■ **Exercise prompt**
Leaving out the pictures, retype exactly the lines from the one holding "A young woman" through the end of the material.

■ **Raw data**
.....

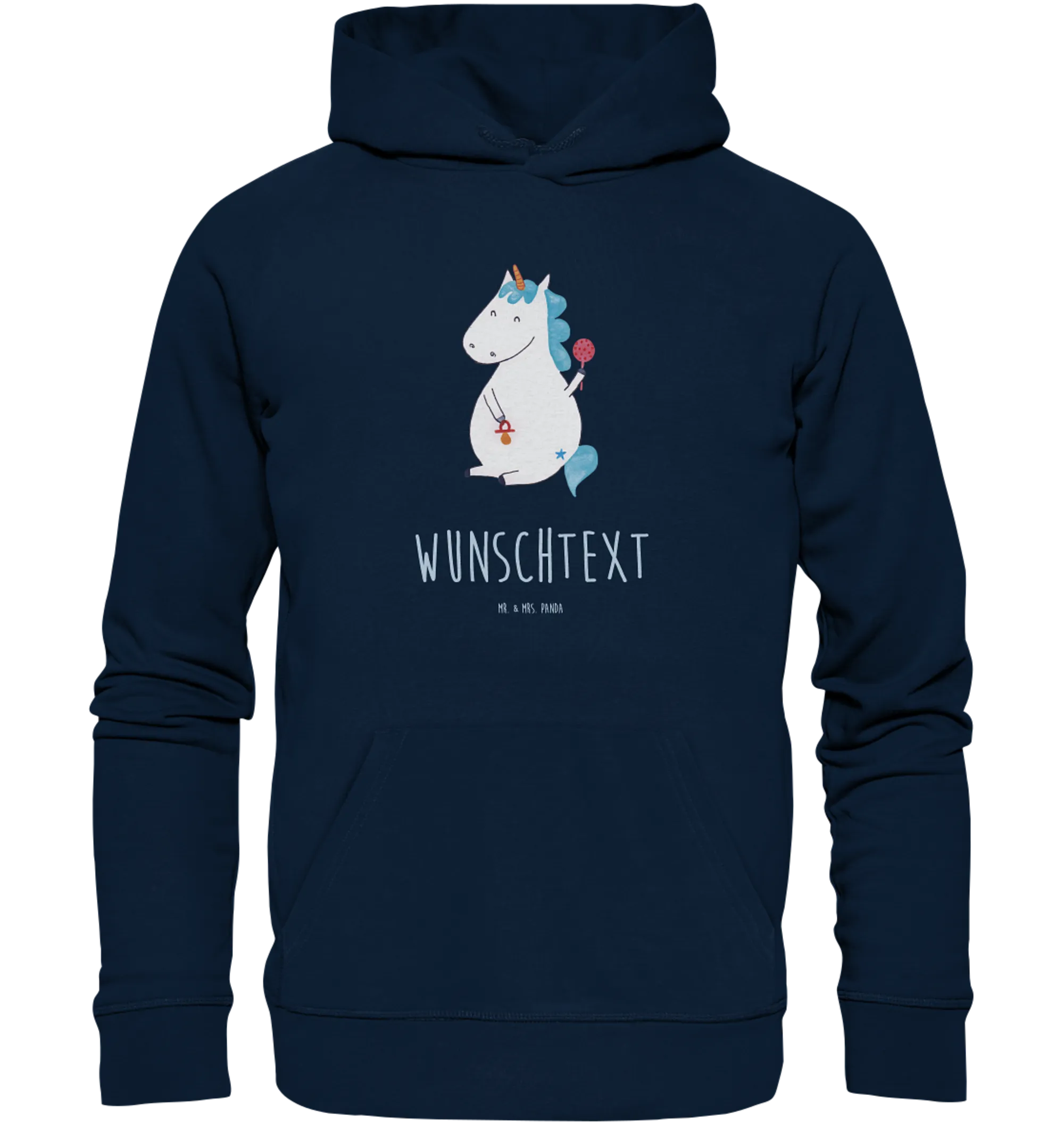 Mit einem einzigartigen und zauberhaften Einhorn-Motiv, wird dieser Hoodie schnell zum Favoriten für jeden kleinen Wunder zu Hause. Das Design zeigt ein süßes Baby-Einhorn, das strahlend in die Welt blickt, Schnuller in der Hand und bereit für neue Abenteuer. Und das Beste? Du kannst den Hoodie mit einem Wunschtext personalisieren - mach ihn zu etwas ganz Besonderem.
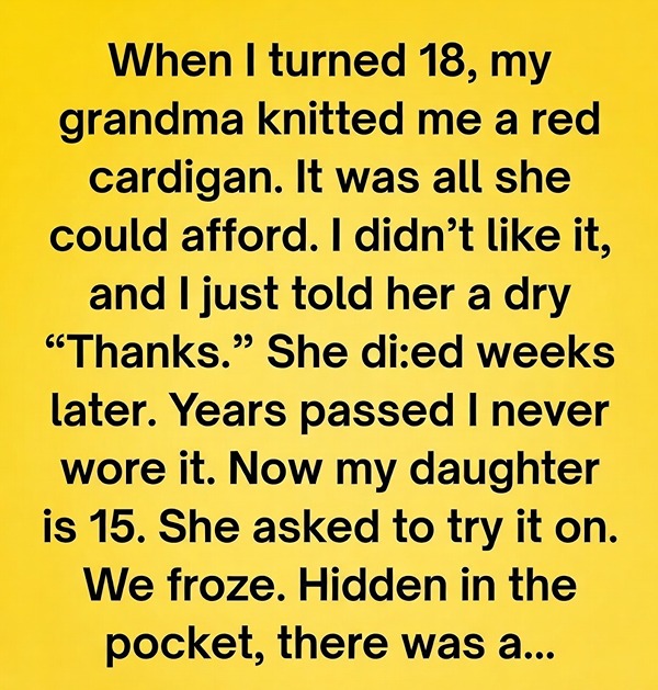 A young woman once inherited a simple red cardigan from her grandmother. It seemed like an ordinary keepsake—something warm and comforting that carried memories of family.
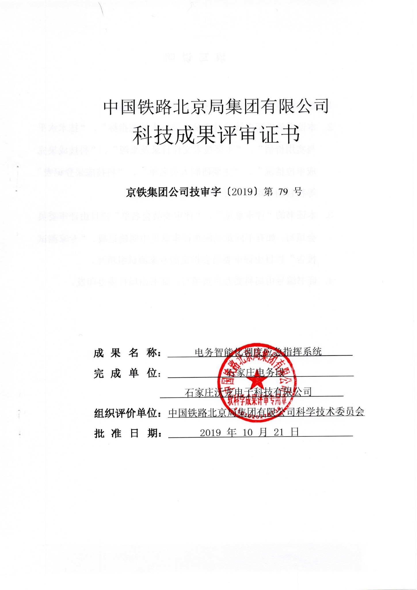 2019年10月21日,“电务智能化调度应急指挥系统”课题通过了中国铁路北京局集团有限公司科学技术委员会技术评审,评审专家一致认为:该系统达到路内领先水平。
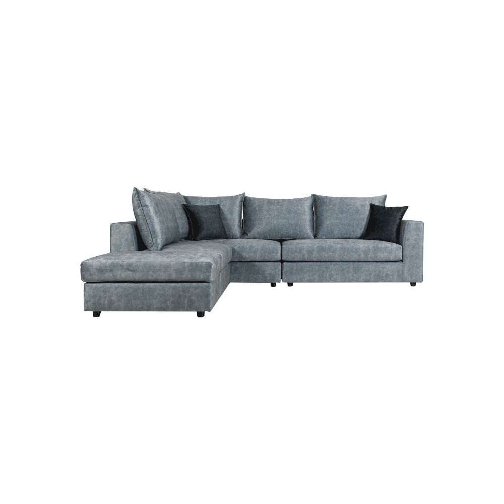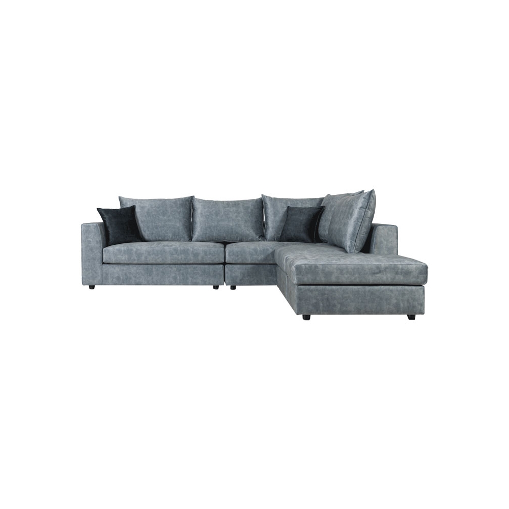 Τεχνικά χαρακτηριστικά: Κατασκευή από: - Σκελετό μοριοσανίδας, ξύλο λεύκας και επένδυση MDF + αφρολέξ - Μαξιλάρι καθίσματος αφρολέξ 400άρι plus, με διπλή βάτα ενισχυμένη με ελαστικές ίνες και μαξιλάρι πλάτης από 100% καθαρή σιλικόνη. - Ποδαρικό από υψηλής ποιότητας μέταλλο σε μαύρο χρώμα. - Φέρει επένδυση υφάσματος Easy Clean (90% αδιάβροχο) εξαιρετικής ποιότητας και αντοχής. Όλα τα μαξιλάρια (πλάτης και έδρας) έχουν φερμουάρ και μπορούν να πληθούν στους 30 βαθμούς. -Χρώμα καναπέ και μαξιλαριών πλάτης: γκρι αντικέ - Φέρει δύο διακοσμητικά μαξιλαράκια σε μπλε σκούρο χρώμα.

.....

■ **Expected answer**
 A young woman once inherited a simple red cardigan from her grandmother. It seemed like an ordinary keepsake—something warm and comforting that carried memories of family.
 2019年10月21日,“电务智能化调度应急指挥系统”课题通过了中国铁路北京局集团有限公司科学技术委员会技术评审,评审专家一致认为:该系统达到路内领先水平。
 Τεχνικά χαρακτηριστικά: Κατασκευή από: - Σκελετό μοριοσανίδας, ξύλο λεύκας και επένδυση MDF + αφρολέξ - Μαξιλάρι καθίσματος αφρολέξ 400άρι plus, με διπλή βάτα ενισχυμένη με ελαστικές ίνες και μαξιλάρι πλάτης από 100% καθαρή σιλικόνη. - Ποδαρικό από υψηλής ποιότητας μέταλλο σε μαύρο χρώμα. - Φέρει επένδυση υφάσματος Easy Clean (90% αδιάβροχο) εξαιρετικής ποιότητας και αντοχής. Όλα τα μαξιλάρια (πλάτης και έδρας) έχουν φερμουάρ και μπορούν να πληθούν στους 30 βαθμούς. -Χρώμα καναπέ και μαξιλαριών πλάτης: γκρι αντικέ - Φέρει δύο διακοσμητικά μαξιλαράκια σε μπλε σκούρο χρώμα.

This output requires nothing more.